■ TASK INSTRUCTIONS ■
Nothing outside the stretch is wanted. Repeat exactly the lines of the listing below from the one that contains "7.3.1 Buy Stamford" through the one that contains "From reporting tool", both ends included.

=== ENTRIES PROVIDED ===

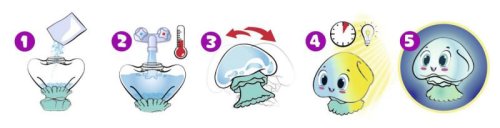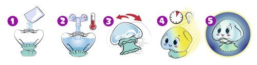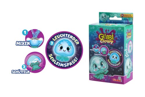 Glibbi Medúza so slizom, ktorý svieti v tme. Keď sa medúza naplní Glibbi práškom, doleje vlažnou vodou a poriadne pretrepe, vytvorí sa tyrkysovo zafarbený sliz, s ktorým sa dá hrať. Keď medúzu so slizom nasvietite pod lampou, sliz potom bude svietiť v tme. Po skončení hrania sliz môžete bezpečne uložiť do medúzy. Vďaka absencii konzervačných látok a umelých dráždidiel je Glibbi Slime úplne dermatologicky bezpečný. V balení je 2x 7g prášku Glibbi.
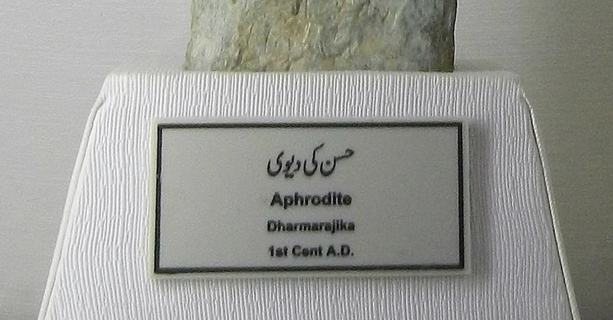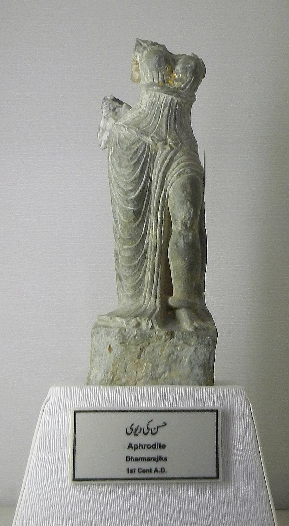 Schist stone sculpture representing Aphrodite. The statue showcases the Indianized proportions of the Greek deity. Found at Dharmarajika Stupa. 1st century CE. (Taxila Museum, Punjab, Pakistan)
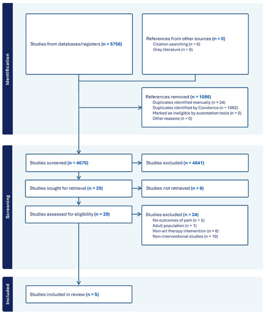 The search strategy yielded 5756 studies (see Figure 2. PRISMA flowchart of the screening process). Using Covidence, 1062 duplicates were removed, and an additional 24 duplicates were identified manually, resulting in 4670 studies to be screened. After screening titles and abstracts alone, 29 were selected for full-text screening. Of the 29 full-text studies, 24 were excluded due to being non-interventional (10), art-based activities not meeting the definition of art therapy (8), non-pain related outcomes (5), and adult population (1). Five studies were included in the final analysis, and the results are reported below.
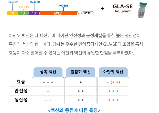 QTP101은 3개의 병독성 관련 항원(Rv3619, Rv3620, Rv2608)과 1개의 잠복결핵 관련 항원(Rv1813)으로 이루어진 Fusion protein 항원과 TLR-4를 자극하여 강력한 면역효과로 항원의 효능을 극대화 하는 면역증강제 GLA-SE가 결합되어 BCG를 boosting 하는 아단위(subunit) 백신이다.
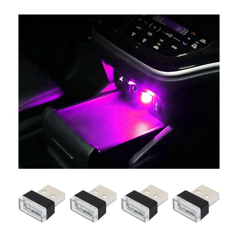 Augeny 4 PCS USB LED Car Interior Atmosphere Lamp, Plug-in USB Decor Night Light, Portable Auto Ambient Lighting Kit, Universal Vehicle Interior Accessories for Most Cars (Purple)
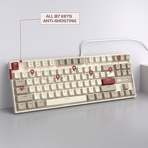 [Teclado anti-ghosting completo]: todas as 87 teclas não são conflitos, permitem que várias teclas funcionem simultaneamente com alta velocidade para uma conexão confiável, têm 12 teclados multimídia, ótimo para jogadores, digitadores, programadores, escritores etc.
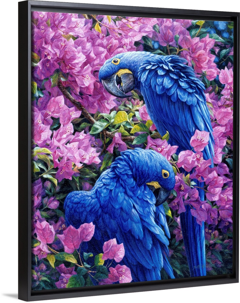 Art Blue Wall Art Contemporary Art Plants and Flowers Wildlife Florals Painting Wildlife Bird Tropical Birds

===
=== ENTRIES PROVIDED ===

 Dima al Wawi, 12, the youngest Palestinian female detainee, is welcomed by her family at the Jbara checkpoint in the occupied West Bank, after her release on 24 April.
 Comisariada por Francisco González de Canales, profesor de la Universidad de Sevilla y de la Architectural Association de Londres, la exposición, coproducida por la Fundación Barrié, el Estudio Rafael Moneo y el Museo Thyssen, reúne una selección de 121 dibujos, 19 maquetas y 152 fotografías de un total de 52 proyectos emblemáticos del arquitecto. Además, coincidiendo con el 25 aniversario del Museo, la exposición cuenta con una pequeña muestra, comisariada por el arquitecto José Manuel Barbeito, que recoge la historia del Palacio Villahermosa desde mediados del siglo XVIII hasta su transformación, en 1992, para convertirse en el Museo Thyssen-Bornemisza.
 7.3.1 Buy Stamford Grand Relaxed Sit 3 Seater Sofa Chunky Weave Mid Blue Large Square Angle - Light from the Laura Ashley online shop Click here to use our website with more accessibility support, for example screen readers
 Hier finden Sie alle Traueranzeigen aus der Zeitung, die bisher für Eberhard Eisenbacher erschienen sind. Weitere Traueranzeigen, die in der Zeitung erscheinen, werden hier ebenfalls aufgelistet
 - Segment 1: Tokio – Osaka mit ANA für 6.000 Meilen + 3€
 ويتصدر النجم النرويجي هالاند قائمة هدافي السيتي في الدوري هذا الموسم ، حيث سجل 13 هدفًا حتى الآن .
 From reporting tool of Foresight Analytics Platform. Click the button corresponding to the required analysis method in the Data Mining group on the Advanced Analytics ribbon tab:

===

■ RESPONSE AREA ■
 7.3.1 Buy Stamford Grand Relaxed Sit 3 Seater Sofa Chunky Weave Mid Blue Large Square Angle - Light from the Laura Ashley online shop Click here to use our website with more accessibility support, for example screen readers
 Hier finden Sie alle Traueranzeigen aus der Zeitung, die bisher für Eberhard Eisenbacher erschienen sind. Weitere Traueranzeigen, die in der Zeitung erscheinen, werden hier ebenfalls aufgelistet
 - Segment 1: Tokio – Osaka mit ANA für 6.000 Meilen + 3€
 ويتصدر النجم النرويجي هالاند قائمة هدافي السيتي في الدوري هذا الموسم ، حيث سجل 13 هدفًا حتى الآن .
 From reporting tool of Foresight Analytics Platform. Click the button corresponding to the required analysis method in the Data Mining group on the Advanced Analytics ribbon tab:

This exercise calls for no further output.